- TRY IT -
Reproduce the data below exactly as written. Pictures do not belong in the copy.
++++ INFORMATION SUPPLIED
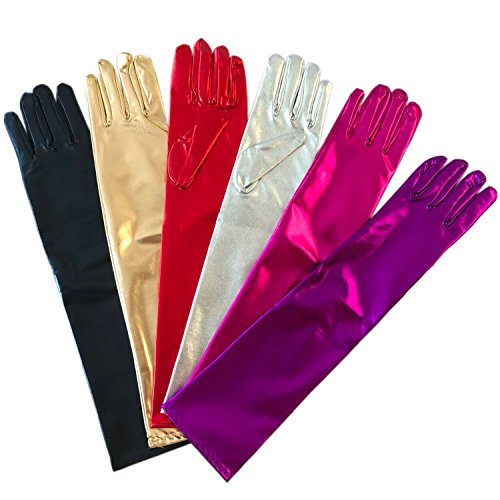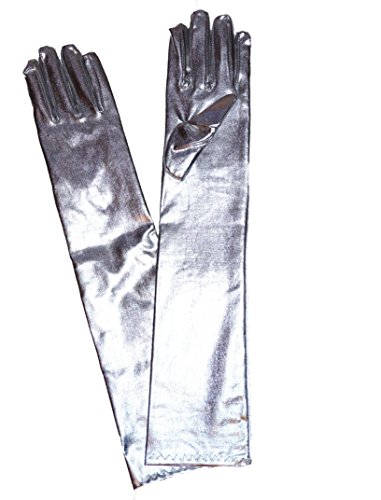 Aspetto bagnato guanti in PVC vinile lunghi lucido per feste musica lirica spettacoli (44cm, argento)
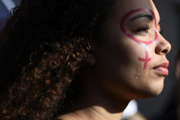 Eine Frau mit dem weiblichen Gender-Piktogramm bei einer Demonstration anlässlich des 40. Weltfrauentags in Marseille. AFP
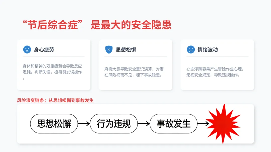 为什么说 "节后综合症" 是最大的安全隐患?因为它会直接影响我们的行为和判断。
++++++++
- RESPONSE -
 Aspetto bagnato guanti in PVC vinile lunghi lucido per feste musica lirica spettacoli (44cm, argento)
 Eine Frau mit dem weiblichen Gender-Piktogramm bei einer Demonstration anlässlich des 40. Weltfrauentags in Marseille. AFP
 为什么说 "节后综合症" 是最大的安全隐患?因为它会直接影响我们的行为和判断。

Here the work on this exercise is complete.